Чтение онлайн

ЖАНРЫ

Время старого бога
Шрифт:

Есть в жизни плохое, а есть и самое худшее, думал он тогда. Он и Флеминг включились в работу — стали помогать молодым полицейским, что примчались перегородить боковые улицы — Ленстер-лейн и прочие, — перекрыть Клэр-стрит и Нассо-стрит, пропуская только “скорые” и спасателей. Они не знали, что случилось, кто и почему это сделал, только по рации слышалось сквозь помехи, что есть много пострадавших на Парнелл-стрит и Толбот-стрит — преподобный Толбот[27] ходил в цепях, в знак покаяния. За что такая страшная кара простым людям, что возвращались майским вечером домой после рабочего дня? На Парнелл-стрит одна из погибших была беременна двойней, рассказала ему Джун, когда он добрался наконец до дома, усталый, как охотничий пес, что носился по кочкам от восхода до заката. В девять вечера в новостях показали кадры с Саут-Ленстер-стрит, сделанные из-за барьера, который он своими руками помогал возводить. Он тоже, кажется, мелькнул в кадре — чуть поодаль, возле ограды колледжа, занятый каким-то делом. Такому нигде не учат. Они сидели вдвоем в Динсгрейндже, далеко оттуда, и благодарили судьбу за детей, за все, что

дала им жизнь. Тома затрясло в кресле, как от подземных толчков, его прошиб пот, и от его стонов проснулись дети, прибежали, забрались к ним на колени, Джо в пижамке с Паровозиком Томасом, Винни в новой ночнушке из Лондона. Есть в жизни плохое, а есть и самое худшее. Его так трясло, что Джун позвонила доктору Браунли, и тот примчался из дома, из Монкстауна, дал Тому две успокоительные таблетки, а сам кивал лысой головой, и во взгляде читалась тревога и сострадание, намного сильнее, чем того требовал врачебный долг. Общественные события, личные трагедии. Доктор Браунли снова кивнул.
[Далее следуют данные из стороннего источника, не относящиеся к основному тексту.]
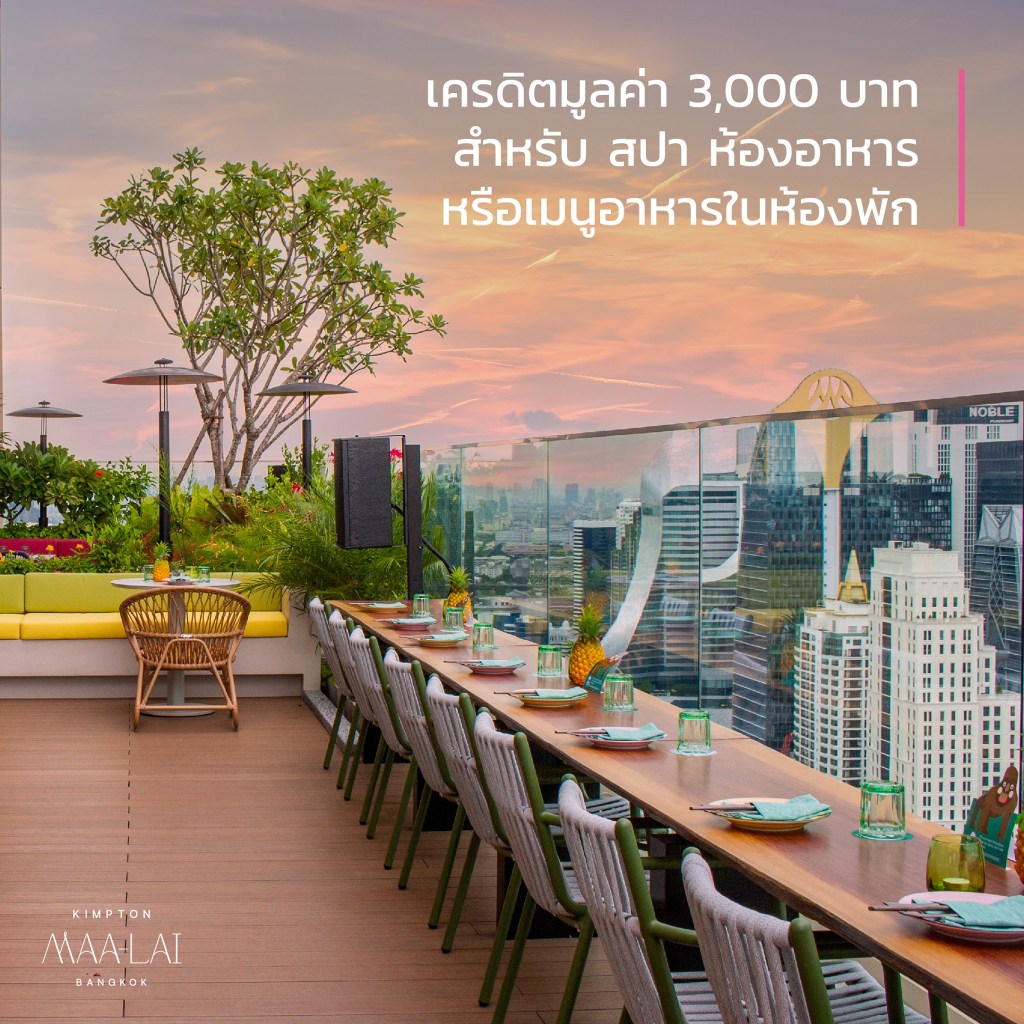 เครดิตมูลค่า 3,000 บาท สำหรับร้านอาหาร สปา และ เมนูอาหารในห้องพัก

— Вы пережили ужасное — у вас шок, как после боя.

— Я воевал в Малайе, и там меня ни разу не трясло.

— Сейчас другое дело, — ответил доктор, — это рядом с домом.

— Мой дом, — отозвался Том, как будто слова эти сами по себе были домом, крепостью. Самые нужные слова. — Мой дом.
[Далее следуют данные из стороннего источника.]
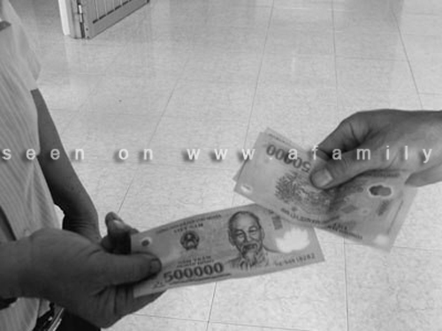 Một thành viên diễn đàn khác chia sẻ câu chuyện xảy ra vừa xong tầm 16h30p tại trục Đường Láng gần Ngă tư Láng Hạ: “Ḿnh và vợ đang đi đường dừng nghe điện thoại cách đèn đỏ tầm 30m. Có 2 Tây kiểu balo ra hỏi đổi tờ 500k. 1 anh Tây ra sát xe ḿnh hỏi, 1 anh đứng trên xe cách tẩm 2m phía sau xe. Nói tiếng Anh hỏi đổi 500k tiền lẻ, ḿnh rút tiền ra đổi cho 5 tờ 100k trong lúc đấy tên ngồi trên xe cứ gọi ḿnh ra. Ḿnh đưa hết tập tiền của ḿnh cho vợ rồi chạy ra xem tên đó kia hỏi ǵ. Ḿnh ra chỗ đậu xe th́ hắn ta hỏi 1$ đổi được bao nhiêu tiền VNĐ. và đổi ở đâu, trong lúc đó thằng đứng cạnh xe ḿnh đang đứng với vợ đ̣i đổi tiền lẻ hơn, đ̣i cầm tiền để chỉ cần những tờ nào. Hắn cầm đếm đếm mấy tờ 500k đảo đảo mấy phát rồi trả tiền cho vợ ḿnh xong nhảy lên xe đi luôn.Thấy chúng phóng vụt đi thấy nghi nghi bảo vợ đếm lại tiền. Tổng cộng tiền ḿnh cầm theo người là 10,5tr, đếm lại c̣n có 7,5tr mất luôn 6 tờ 500k. Quay ra nh́n th́ 2 tên đó đă mất hút trong ṿng 5 giây”

И ему почудилось, будто стены маленького дома обнимают его, утешают. И все равно с утра дрожь вернулась и не унималась неделю. И он всего-то помогал по долгу службы. Можно представить, какое потрясение пережили другие. Те, кто стоял на коленях — молящиеся на асфальте. Супруги, родные, отцы, матери, дети — эпидемия дрожи. Мы трепещем пред Тобою, Господи, ибо Ты обрушил сие бедствие на наши дома. Любимый мой город, — думал Том, — хоть я и не отсюда родом. И потому тем более любимый. Мой долг его беречь, беречь. С тех пор еще много лет парковка на улицах была запрещена, чтобы не допустить повторения трагедии, ведь взрывные устройства заложили в автомобили. А автомобили кто-то пригнал — пригнали и ушли, оставив тикающие бомбы. Упокой, Господи, прохожих, покупателей в магазинах, нерожденных младенцев.
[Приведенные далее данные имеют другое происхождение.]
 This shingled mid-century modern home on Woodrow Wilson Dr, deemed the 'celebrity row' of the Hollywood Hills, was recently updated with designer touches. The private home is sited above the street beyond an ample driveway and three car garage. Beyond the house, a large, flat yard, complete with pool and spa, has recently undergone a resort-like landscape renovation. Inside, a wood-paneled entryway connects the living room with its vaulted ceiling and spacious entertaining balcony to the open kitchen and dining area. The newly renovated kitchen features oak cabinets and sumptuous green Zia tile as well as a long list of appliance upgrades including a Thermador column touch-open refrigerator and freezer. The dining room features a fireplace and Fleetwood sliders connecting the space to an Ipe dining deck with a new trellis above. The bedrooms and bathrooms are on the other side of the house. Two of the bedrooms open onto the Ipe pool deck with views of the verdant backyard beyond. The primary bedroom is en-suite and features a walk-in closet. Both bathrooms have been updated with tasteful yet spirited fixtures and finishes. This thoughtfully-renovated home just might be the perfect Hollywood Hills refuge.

Неужели он слегка дрожит и сейчас, двадцать лет спустя? Он вновь почувствовал себя полицейским. И поспешил в сторону Харкорт-стрит. В парке Сент-Стивенз-Грин орудовали садовники — готовили к лету черные взрыхленные клумбы, высаживали в строгом порядке крохотные растеньица, проворно вытряхивали их из горшков, стоя на коленях. Как кающиеся грешники, как выжившие после катастрофы. Темно-красные маргаритки. Одни сажают цветы, другие убивают. Он вспомнил кинотеатр “Грин” в дальнем конце парка, ныне закрытый, где кресла снабжены были наушниками для слабослышащих. Много ли приходит сюда глухих? — спрашивал Билли Друри. Может быть, туда захаживали дети из школы для глухих на набережной Королевского канала, рядом с тюрьмой Маунтджой. Слышать, не слышать. Во время перерыва выходила девушка с лотком сахарной ваты и стояла перед пустым экраном, сияя красотой. Видеть, не видеть. Стояла под взглядами публики и светилась, словно фонарик. Билли делал ему знак: мороженого? А Том думал: я бы на ней женился, если б она согласилась. От одного взгляда на ее накрахмаленную блузку у него чуть не лопались форменные брюки. А на экране тем временем появлялся какой-нибудь старый ковбой — Том и Билли всегда ходили на двойные сеансы. Два дерьмовых фильма по цене одного, говорил Билли Друри. И все-таки вестерны они любили, ей-богу! “Искатели”. Там же смотрели они “Тихого человека” — никакой не вестерн, зато снял его Джон Форд, зал был битком, все смеялись и плакали. “Пушки острова Наварон” — много позже, все то же самое. А потом возвращались на ночную смену, и рядом всегда маячила опасность — неподалеку была Йорк-стрит с сырыми съемными квартирами, рассадник бандитов. Для них с Билли, молодых и горячих, то была другая планета. Драки, бутылки, поножовщина — но стрелять никогда не стреляли. И все это было до Джун: никаких “до нашей эры”, “до Рождества Христова” — для него были “доджунская” и “последжунская” эра.

А сейчас он, потрепанный старый пень, взбирается вверх по знакомой лестнице. Старый пень, и это не лечится. Но, дай Бог, польза от него будет.

Сверкая сединой, сидела за пультом телефонистка.

— Доброе утро, Димфна.

— Давно вас не видно, сержант.

— Дали мне пинка под зад — но вот я, снова здесь. Флеминг у себя?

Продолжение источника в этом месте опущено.